第26話 時短
「んまんまんまんまんまんま……」
ぴよ丸がマヨネーズを美味そうに、ごくごくと喉を鳴らして飲んでいる。
その姿を見て思う――
「こいつ絶対太ったよな」
――と。
元々丸かったぴよ丸は、この数日で劇的に丸味成分を増していた。
間違いなくこいつは太って来ている。
「生まれたばかりの成長期だから、大きくなっているだけだろう」
ベッドで寝転ぶアングラウスは、タブレットを弄りながら問いかけた俺に興味なさ気にそう答えた。
お前が俺と融合するから健康被害は出ないって言ったから、こいつにマヨネーズを好きなだけ食わせてる訳だが?
まあ太っても何故か健康な人間はいるので、ぴよ丸もその類の可能性は高いが。
「美味い!マスター、もう一杯!」
「黙れデブ」
昼食にマヨネーズ二本もすすっておいてまだ欲しいとか、完全なるデブマインドである。
「ななな!なんじゃと!ワシはぽっちゃり系女子じゃ!デブではなか!」
「はいはい、どっちにしろ打ち止めだ。買いに行かないともう家にはねーよ」
「なんじゃと!それは一大事じゃ!スーパーへ急がねば!モードチェンジ!ファイヤーバード!!」
端が炎になった羽をぴよ丸が羽搏かせる。
その羽搏きは初めての頃とは見違えるほどに力強く、彼女の体を飛翔させる。
具体的には15センチぐらい。
「ファイヤーウィング!ファイヤーウィング!」
本人は気合を入れて羽搏いているのだろうが、全くそれ以上浮かびもしなければ進みもしない。
綺麗なホバリング状態だ。
「なんでレベルが30個も上がってんのに、ホバリングしかできないんだよ」
ぴよ丸のレベルはあのDランクダンジョンで30個も上がっていた。
まあレベル1だったから劇的に上がるのは当然の事なのだが、それだけ上がったにもかかわらず成長の跡が見えない。
「そんな事はないだろう。前より浮いているし、レベルアップ前ならもう墜落してた頃だ」
「まあ確かに」
「ファイヤーウィング!ファイヤーウィング!」
初めて飛ぼうとした時は一瞬でスタミナ切れを起こしていたが、今のぴよ丸にその様子はない。
一応成長はしている様だ。
「ま、浮くだけで上手く飛べないのはバランスの問題だろう。短い羽と丸い体だからな。後、太ってるし。まあ成長すれば自然と飛べるようになるだろう」
……結局お前も太ってるって思ってるんじゃねーか。
「……勝手に飛び回られても困るし、今はこれぐらいでちょうどいいのか」
コイツはフリーダムだからな。
しかし……
「ファイヤーウィング!ファイヤーウィング!ファイヤーブゲッ!?」
羽搏くのは良いのだが、雄叫びがうるさくて敵わなん。
ので、引っ掴んで黙らせた。
「ぴよ丸。飛ぶのは良いんだが、その叫ぶのは何とかならないのか?」
「難しい注文じゃ!じゃがそこまで請われたなら善処しようぞ!」
「そうしてくれ。それとマヨネーズは後で買いに行くから、夕飯まで我慢しろ」
「馬鹿な!?」
「良いから融合だ。繋ぐの手伝え」
現在は3つ目——ぴよ丸の命は含まない――を接続中である。
本当は二つ目の命の慣らしにはもっとかかる筈だったのだが、ぴよ丸と融合したのがいい方に影響したのか、早々に次のステップへと進む事が出来ていた。

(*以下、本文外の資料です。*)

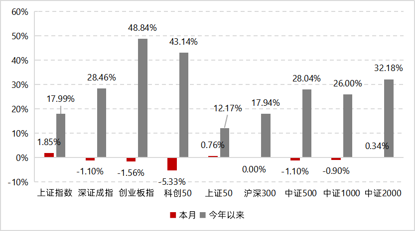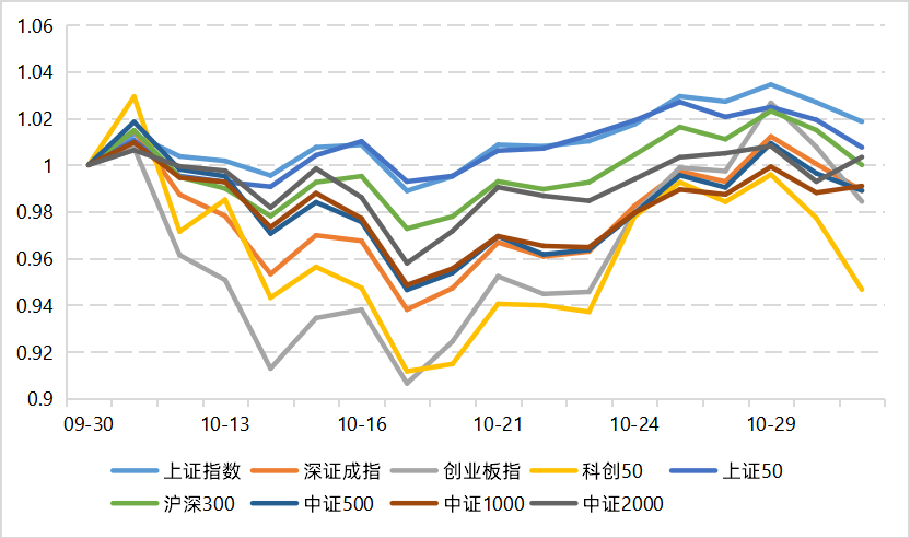 10月A股呈現(xiàn)寬幅震蕩格局,上證指數(shù)月線收漲1.85%,實(shí)現(xiàn)連續(xù)6連漲,但波動(dòng)幅度顯著擴(kuò)大。10月初美國(guó)對(duì)華造船業(yè)加征關(guān)稅等舉措引發(fā)市場(chǎng)避險(xiǎn)情緒,高股息板塊階段性占優(yōu),下旬中美吉隆坡談判釋放積極信號(hào),科技板塊情緒有一定修復(fù),在中美貿(mào)易爭(zhēng)端擾動(dòng)下,市場(chǎng)風(fēng)格從成長(zhǎng)過(guò)熱向均衡配置演進(jìn)。

その接続に関しても、ぴよ丸に手伝わせる事でかなり期間を短縮できそうだ。
「やれやれ、マスターはワシなしじゃなんも出来んのじゃな。仕方ない!この女ぴよ丸にドンとまかしんしゃい!」
「ああ、感謝してるよ。だからマヨネーズが欲しけりゃさっさと融合して手伝え」
「ただ一言だけ言わせて貰う!融合ではなくミラクルドッキングじゃい!」
「ああ、はいはい」
ぴよ丸のよく分からないこだわりに、俺は適当に返した。